Наталия Вико - Шизофрения
— Мне кажется, мы здесь не шли, — обеспокоено заметила Александра через некоторое время, не обнаружив знакомую кованую решетку. — Мы заблудились?
— Отсюда нельзя выйти тем же путем, которым вошел, — пояснил Николя. — Смертельно опасно нельзя, — добавил он. — Так все здесь устроено…
* * *…— Не понимаю, почему не открывается, — Николя в растерянности стоял возле небольшой, меньше человеческого роста металлической двери.
— Может быть, заперли снаружи? — предположила Александра.
— Замочная скважина есть только изнутри, — задумчиво сказал он. — Снаружи можно только подпереть.
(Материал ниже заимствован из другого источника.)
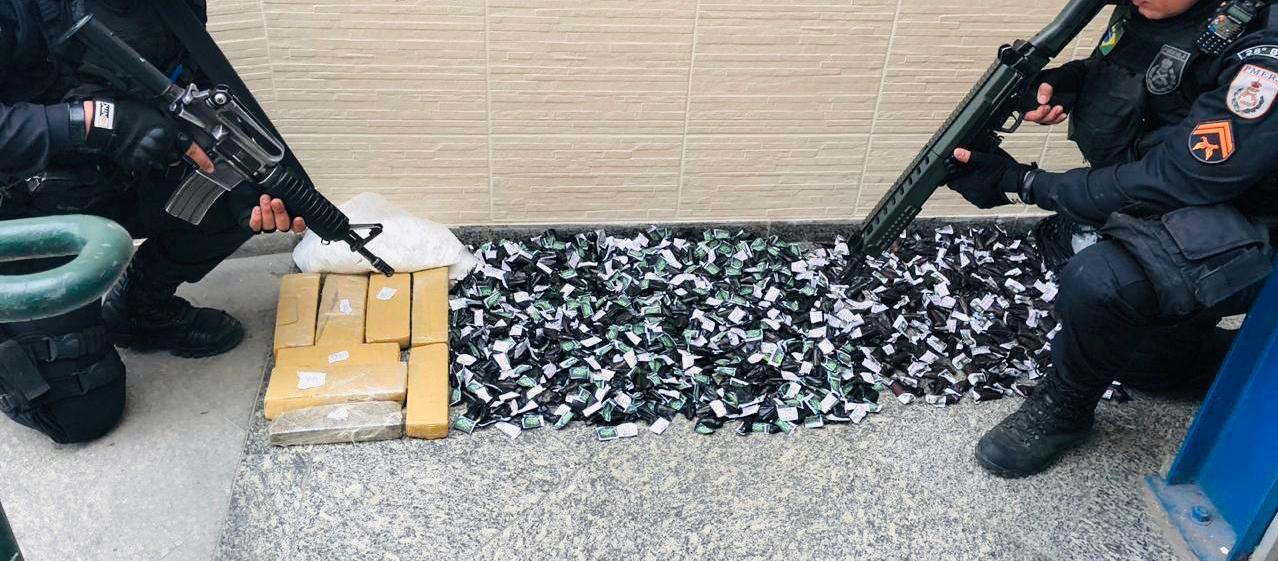 Foram apreendidos ainda 1.026 pinos de cocaína, um saco com três quilos da mesma droga, além de oito quilos de maconha, e sete munições de pistola.
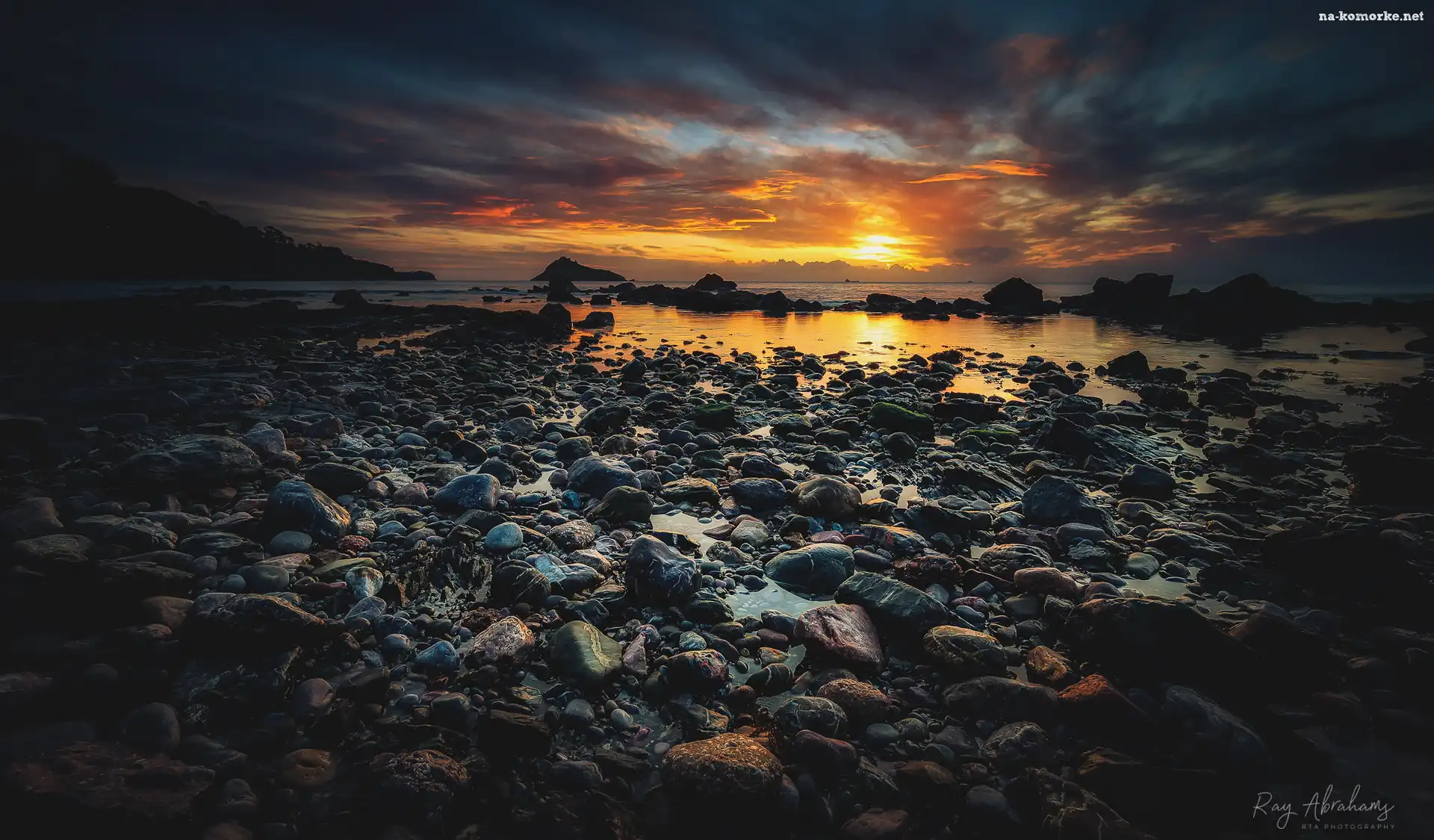 Morze, Hrabstwo Devon, Anglia, Zachód słońca, Chmury, Kamienie, Skały na Komórkę

— Может быть стоит позвонить кому-нибудь, чтобы открыли? — предложила Александра, намекая на Клариссу.
— Снаружи дверь не открывается, — повторил Николя. — Так задумано. Вход от реки, а выход только здесь. К тому же, отсюда мобильник не берет, — хмуро пробормотал он. — За дверью длинная лестница наверх, а здесь — мы под землей. Метров пятнадцать, — сказав это, он извлек старинный ключ из замочной скважины, осмотрел в свете фонаря, снова вставил, повернул и опять безуспешно толкнул дверь.
— Не понимаю, — озадаченно пробормотал он.
— А другого выхода здесь нет? Запасного или пожарного, для эвакуации людей? А то у меня завтра самолет в Москву, — жалобно протянула Александра. — Правда, только вечером, — добавила она, намекая, что пока еще не опоздала и у Николя еще есть время что-нибудь придумать.
— Я других ходов не знаю, — хмуро сказал он.
— А люди часто сюда ходят? — поинтересовалась она.
— Четыре раза в год, — Николя опустился на ступеньку у двери. — Они были здесь неделю назад. В день осеннего равноденствия.
— И когда будет следующий раз? — живо поинтересовалась Александра.
— В день зимнего солнцестояния. На Рождество.
— Не-ет, — она быстренько посчитала в уме, сколько осталось до ближайшей группы, — столько без воды и еды мы точно не продержимся.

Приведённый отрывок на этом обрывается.